--- TASK INSTRUCTIONS ---
Starting at the line that holds "Piktogramy na kartach", reproduce each line exactly up to and including the last line of the records below. Pictures stay out.

(Dataset entries)
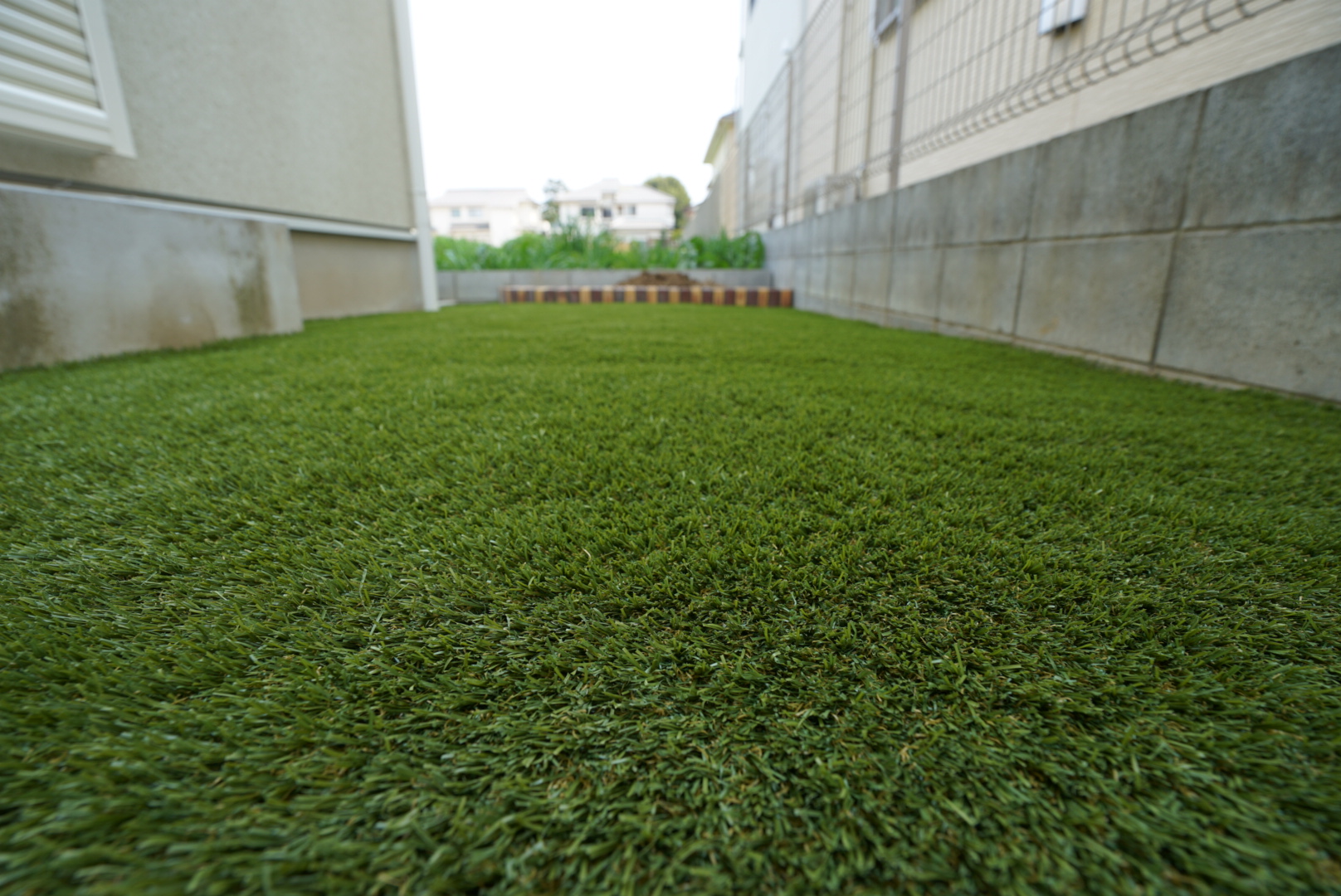 基本的にお手入れは必要ございません。しかし、人工芝と外壁の隙間からは、 どうしても草が出てきてしまうこともあるので、取ってあげてください。
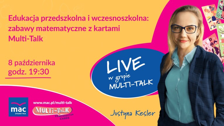 Piktogramy na kartach Multi-Talk to nie tylko źródło językowych zabaw. To także nowoczesny sposób na wizualną matematykę. Dołącz do tego LIVE'a jeśli szukasz pomysłów i inspiracji na atrakcyjne i skuteczne zabawy matematyczne dla Dzieci. LIVE dedykowany Edukatorom i Nauczycielom edukacji przedszkolnej i wczesnoszkolnej.
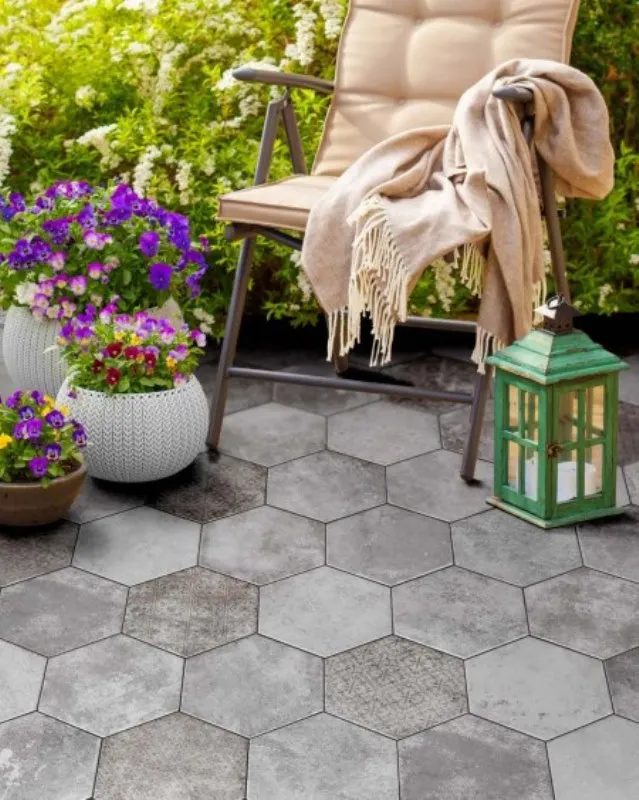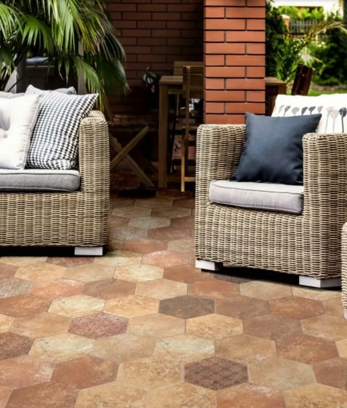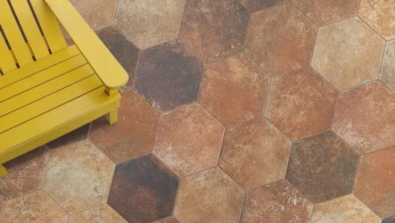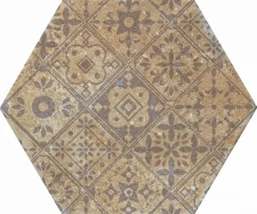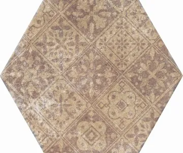 Испанский, натуральный керамогранит Pompeia Decor Marron 20х24 шестигранной формы,
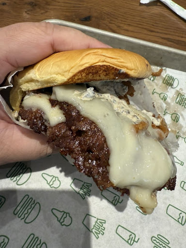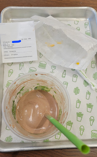 I got a Shackburger (basically a cheeseburger with a mayo-based sauce) and a chocolate shake. I'll give some advice to the management:
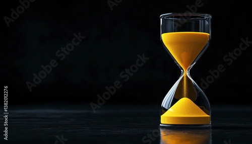 Countdown visualized by yellow sand trickling in an hourglass dark empty black background emphasizing the passage of time and urgency of a deadline approaching. Time running out.

--- RESPONSE TO THIS TASK ---
 Piktogramy na kartach Multi-Talk to nie tylko źródło językowych zabaw. To także nowoczesny sposób na wizualną matematykę. Dołącz do tego LIVE'a jeśli szukasz pomysłów i inspiracji na atrakcyjne i skuteczne zabawy matematyczne dla Dzieci. LIVE dedykowany Edukatorom i Nauczycielom edukacji przedszkolnej i wczesnoszkolnej.
 Испанский, натуральный керамогранит Pompeia Decor Marron 20х24 шестигранной формы,
 I got a Shackburger (basically a cheeseburger with a mayo-based sauce) and a chocolate shake. I'll give some advice to the management:
 Countdown visualized by yellow sand trickling in an hourglass dark empty black background emphasizing the passage of time and urgency of a deadline approaching. Time running out.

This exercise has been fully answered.